Il già elevatissimo debito pubblico italiano ha segnato nuovi record negativi a seguito dell’avvio della crisi socio-economica legata alla pandemia. Nella sua pubblicazione “Finanza pubblica: fabbisogno e debito”, diffusa ad agosto 2020, Bankitalia ha reso noto come l’ammontare del nostro debito pubblico sia salito, a fine giugno, ad 2.530,6 miliardi, 20,5 miliardi in più rispetto a maggio 2020, a fronte di un fabbisogno del mese di 20,6 miliardi.
A giugno 2020 le entrate tributarie contabilizzate nel bilancio dello Stato sono scese di 6,5 miliardi di Euro (-19,9%) rispetto all’anno precedente.
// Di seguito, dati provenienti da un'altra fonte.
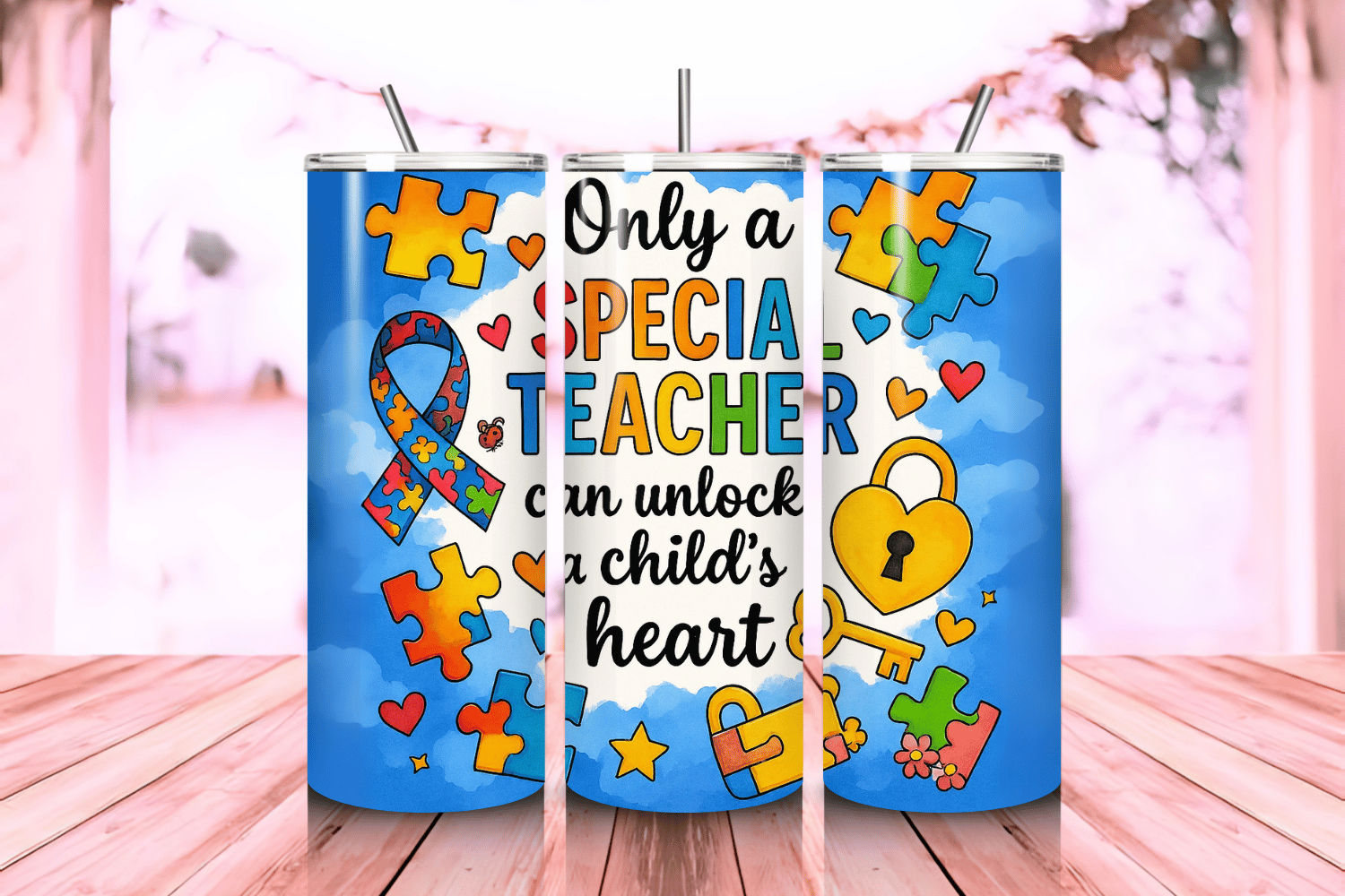 Autism Awareness Tumbler Wrap PNG – 20oz Skinny Sublimation Design with Puzzle Pieces, Heart Icons & Inspirational Quote – Support & Inclusion Theme – 300 DPI Instant Digital Download

Determinanti, per quanto riguarda questo dato, le sospensioni dei versamenti fiscali disposta dai Decreti “Cura Italia”, “Liquidità” e “Rilancio”, nonché il complessivo peggioramento del quadro macroeconomico.
Anche oltremanica la crisi in atto ha fatto segnare un record negativo: per la prima volta nella sua storia, infatti, nel Regno unito l’ammontare del debito pubblico ha sfondato il tetto dei 2.000 miliardi di sterline. Alla fine del mese scorso, il debito pubblico inglese ammontava esattamente a 2.004 miliardi di sterline, vale a dire il 100% del Pil, per la prima volta dal 1961.